Discovery in this case includes video and audio recordings and thousands of pages of documents and other discovery materials. See Order (ECF No. 24) at 3 (adopting the parties' stipulated Complex Case Schedule). In January 2016, the government requested a hard-drive from defense counsel capable of holding at least 16 gigabytes of storage for the government to download additional discovery. Id. However, the government provided defendants with a searchable index describing the information produced and the location of the digital folders containing the information. Resp. (ECF No. 186) at 5. Galecki has now had more than two years to review discovery the government produced along with a searchable index. His Reply (ECF No. 195) does not even address the government's argument about the index. He does not claim that the government engaged in an indiscriminate "document dump" or that he is unable to discern how the discovery the government produced is relevant to the charges alleged in the indictment. Rather the motion seeks evidentiary details of how the government intends to prove its case at trial.

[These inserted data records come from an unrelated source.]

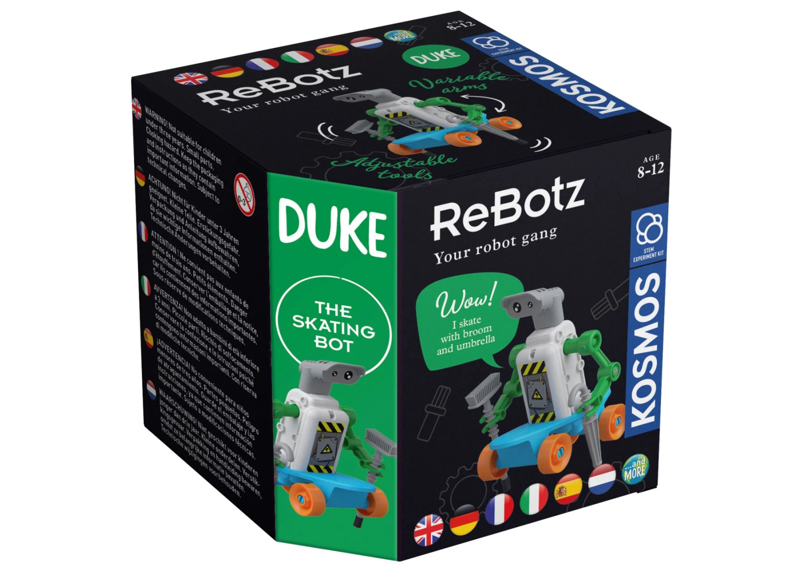 Robot Duke jezdící Kosmos je odvážný vesmírný dobrodruh, který s elegancí a odhodláním brázdí nekonečné dálky, objevuje nové světy a inspiruje každého, kdo se s ním vydá na cestu mezi hvězdy.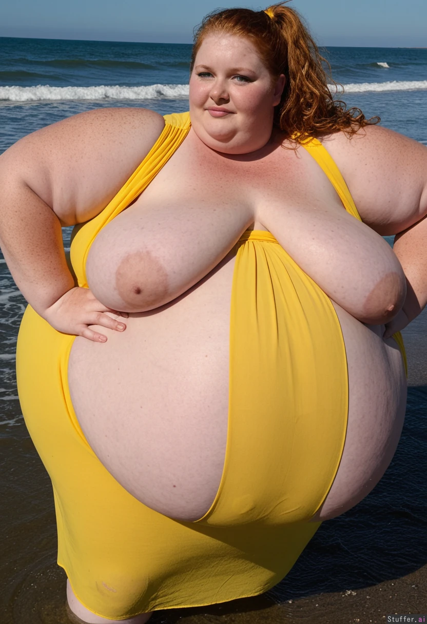 (((Huge ssbbw))) in her forties. Ginger wavy hair in a ponytail and blue eyes. (((Wearing a long yellow dress))). (((Massive morbidly obese))). Waddling along a beach. (((Big round belly))). (((Fat arms))).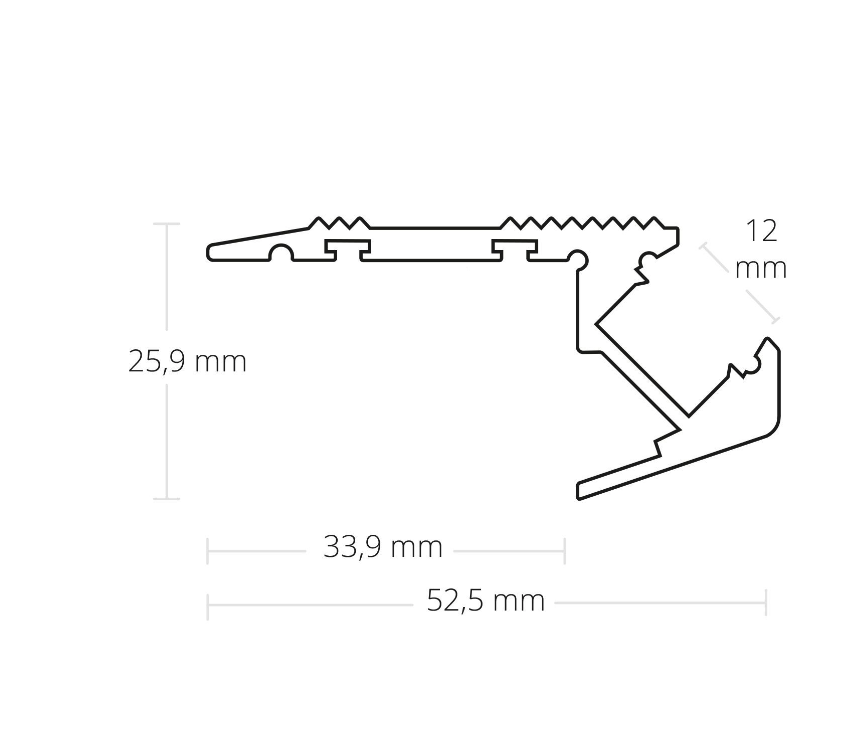 LED trapprofiel inclusief opaal klikafdekking 52,5 mm x 25,9 mm – D12

The court concludes that the 34-page Superseding Indictment sufficiently informs defendants of the nature of the charges to allow them to prepare a defense, avoid any unfair surprise at trial, and plead double jeopardy in any subsequent prosecution.

For the reasons explained,

IT IS ORDERED:

1. Defendants Charles Burton Ritchie and Ryan Eaton's Motions for Joinder (ECF Nos. 157, 164) are GRANTED. 2. Defendant Benjamin Galecki's Motion for Bill of Particulars (ECF No. 154) is DENIED.

FootNotes


1. In this case, the alleged analogues are "smokable synthetic cannabinoid products" referred to as "spice." Supers'g Indict. (ECF No. 56) at 3, ¶ 2.
2. Any reference to a "Rule" or the "Rules" in this Order refer to the Federal Rules of Criminal Procedure.
3. See United States v. Davidoff, 845 F.2d 1151, 1154-55 (2d Cir. 1988); United States v. Bortnovsky, 820 F.2d 572, 574 (2d Cir. 1987); United States v. Pollack, 2013 WL 3967742 (N.D. Cal. July 31, 2013); United States v. Cervantes, 2013 WL 3456876 (N.D. Cal. July 9, 2013); United States v. Windley, 2012 WL 2813859 (D. Ariz. July 10, 2012); United States v. Goldfarb, 2011 WL 335349 (D. Ariz. Jan. 27, 2011); United States v. Huebner, No. CR-10-101-BLG-RFC, 2011 WL 176820 (D. Mont. Jan. 19, 2011); United States v. Wong, 2007 WL 404807 (N.D. Cal. Feb. 2, 2007); United States v. Vasquez-Ruiz, 136 F.Supp.2d 941, 943 (N.D. Ill. 2001); United States v. Savin, 2001 WL 243533 (S.D.N.Y. Mar. 7, 2001).